» What to produce
None of the pictures should appear; the lines from the line containing "Алюминиевый профиль и" through the last line of the listing must be repeated exactly.

» Given information
☆ ☆ ☆ ☆ ☆
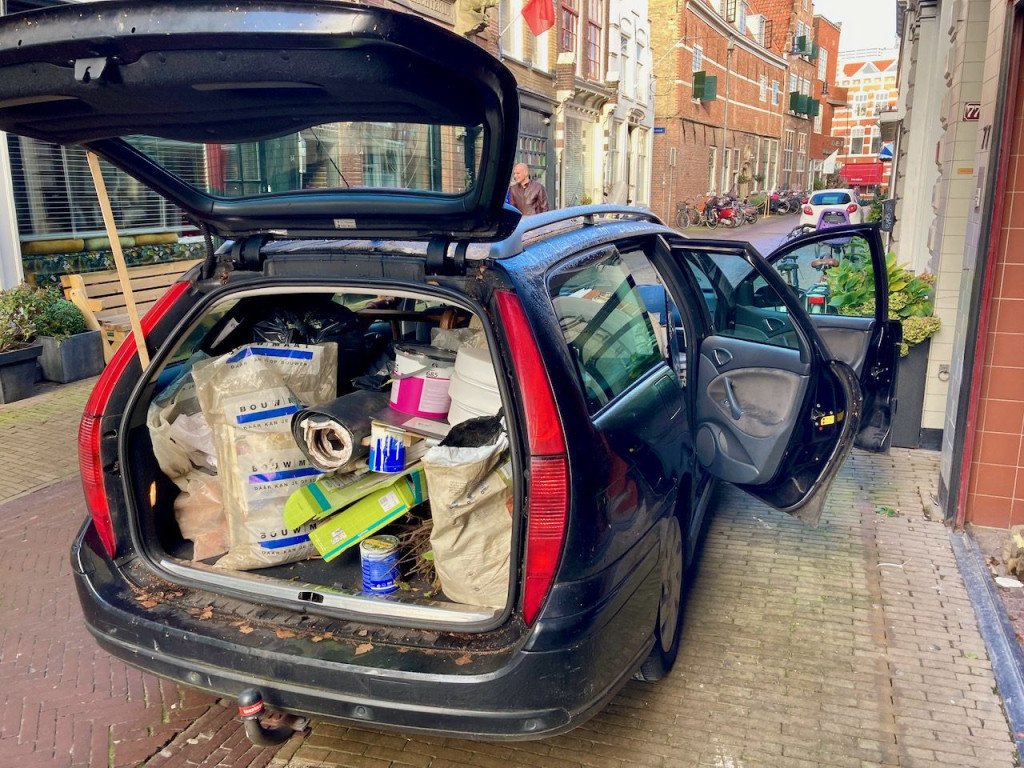 Voor de kerst willen wij ook altijd graag dat dingen ‘op orde’ zijn. Dus nu de steigers weg waren, konden we al het bouw materiaal en allerlei andere losse troep uit cabine 2 weggooien. Hiervoor leenden wij de stationwagon van mijn ouders, die binnen no time helemaal vol zat.
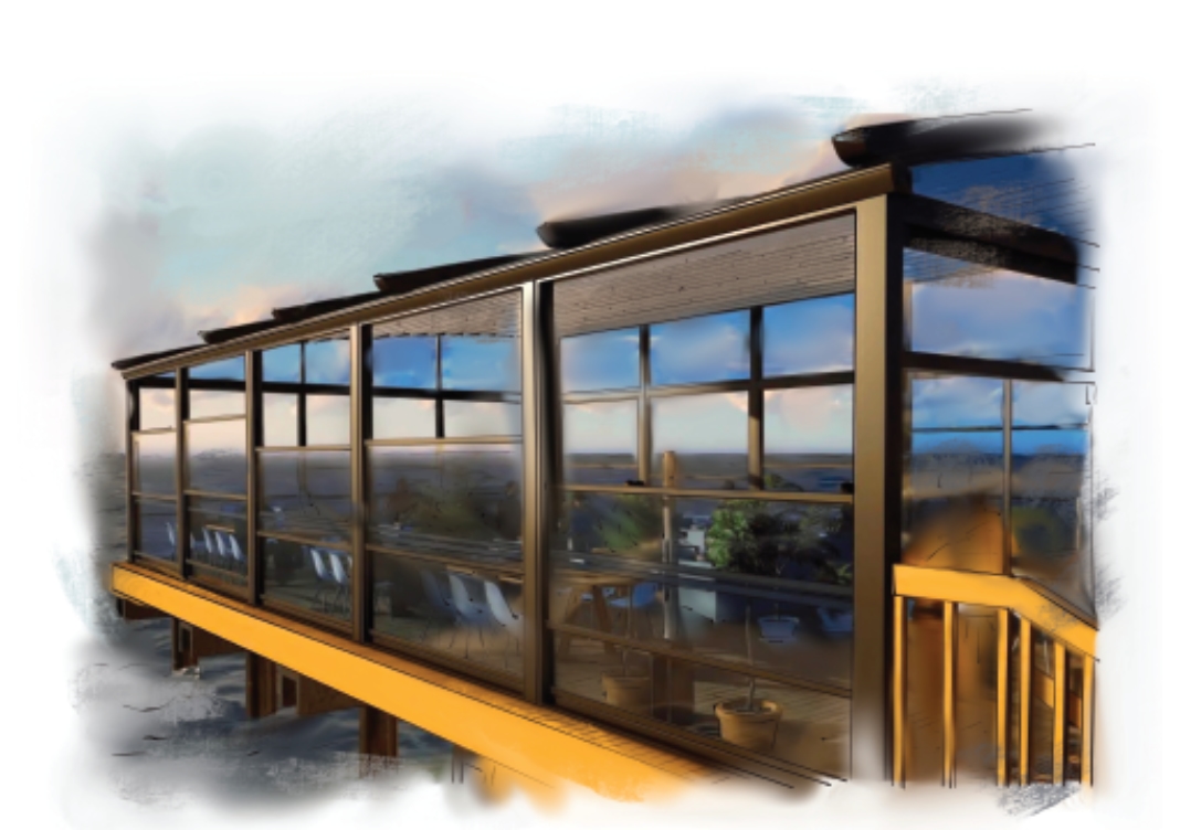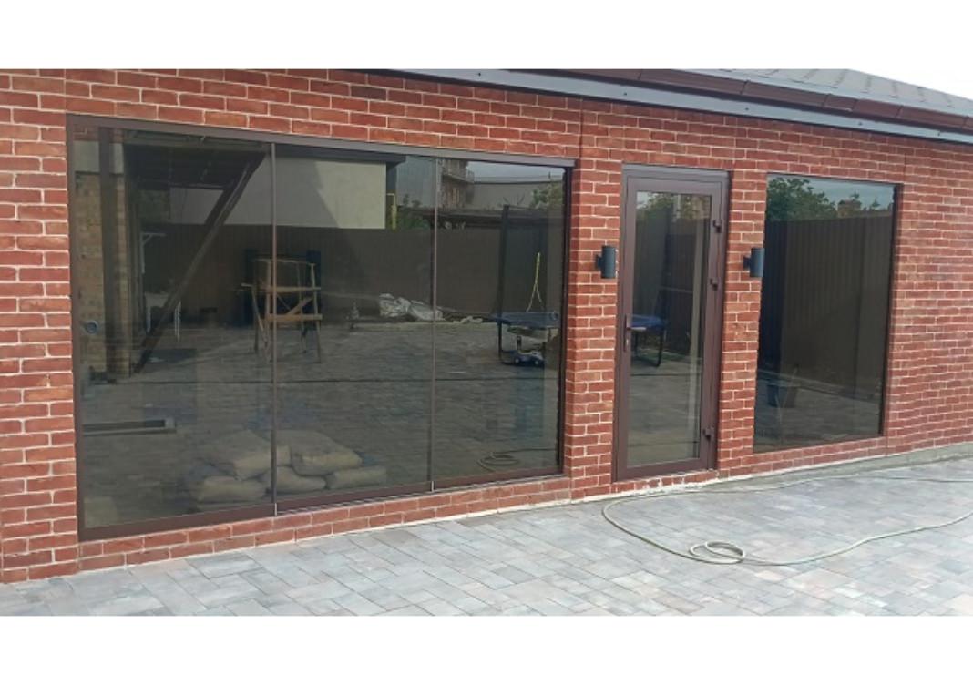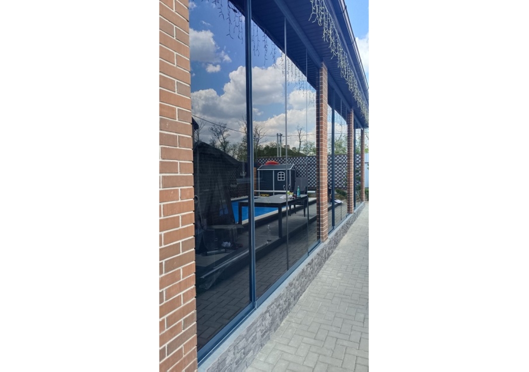 Алюминиевый профиль и стекло с возможностью раздвижения и открывания большой части проема
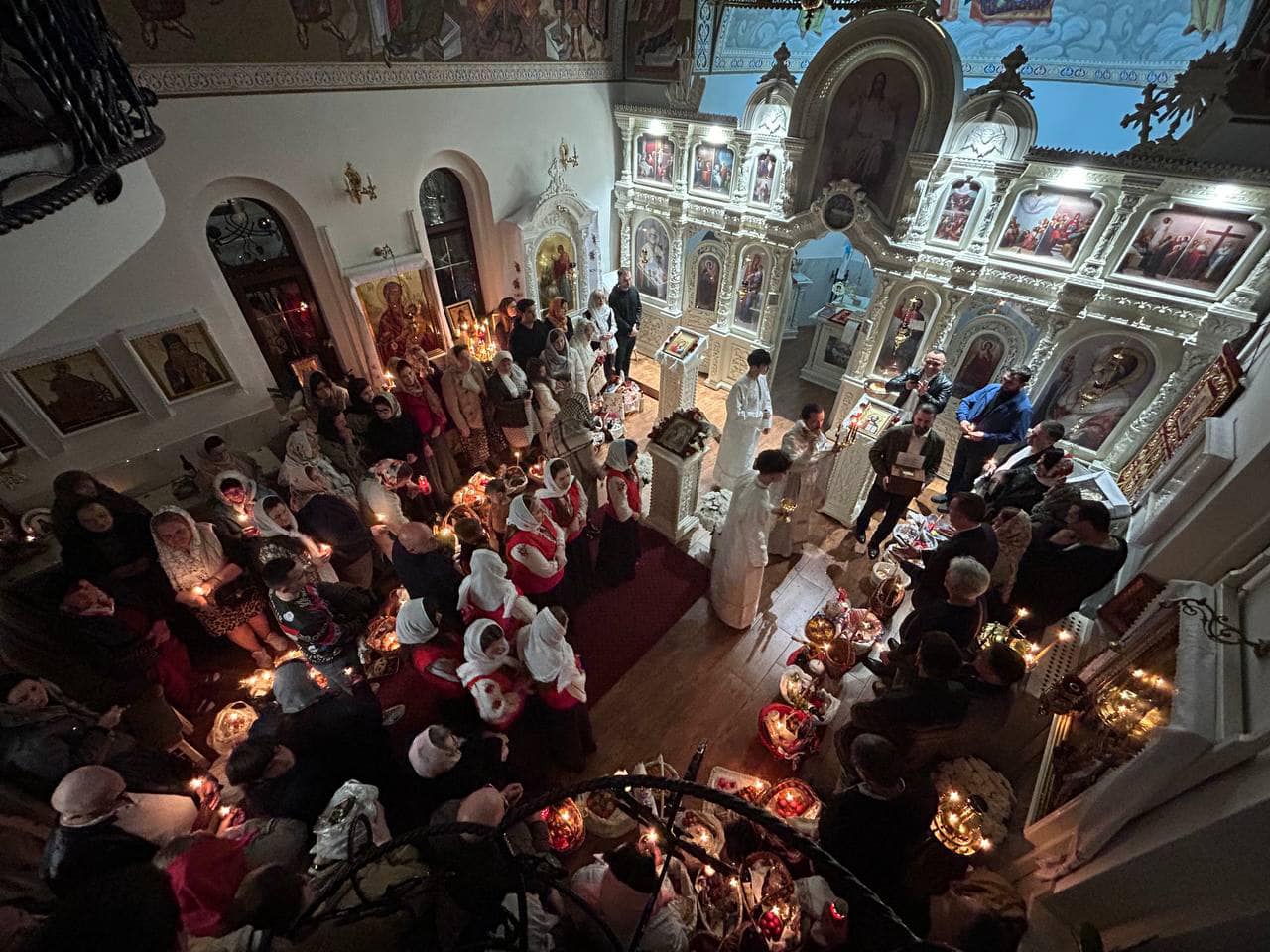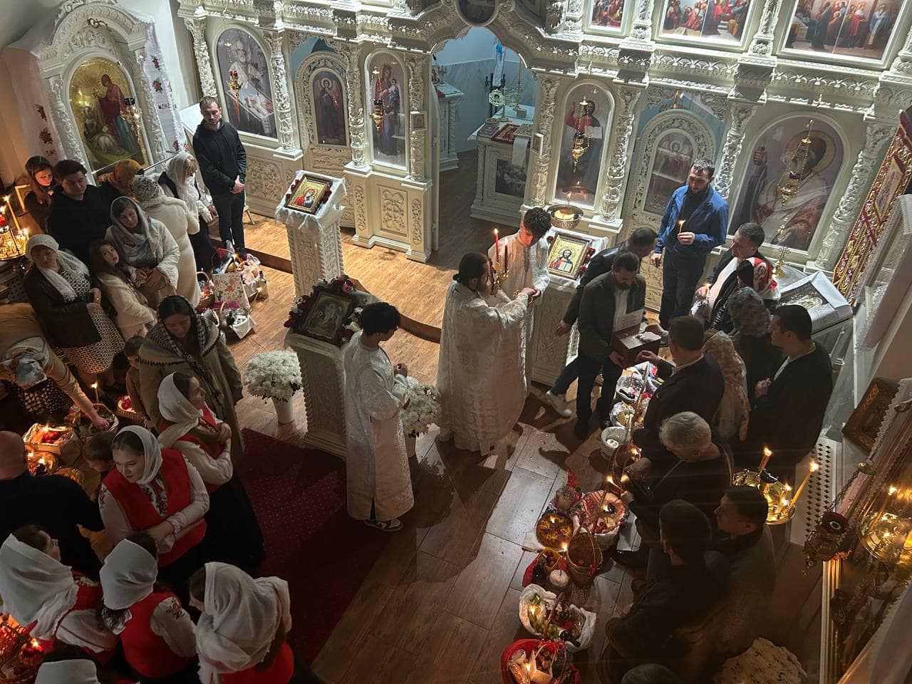 Către ora 4.00 dimineața, la finalul slujbei, părintele Mihail a sfințit pâinea numită artos și a binecuvântat prinoasele aduse de credincioși – carne, ouă, brânzeturi și alte bucate pascale.
☆ ☆ ☆ ☆ ☆
» Solution to this task
 Алюминиевый профиль и стекло с возможностью раздвижения и открывания большой части проема
 Către ora 4.00 dimineața, la finalul slujbei, părintele Mihail a sfințit pâinea numită artos și a binecuvântat prinoasele aduse de credincioși – carne, ouă, brânzeturi și alte bucate pascale.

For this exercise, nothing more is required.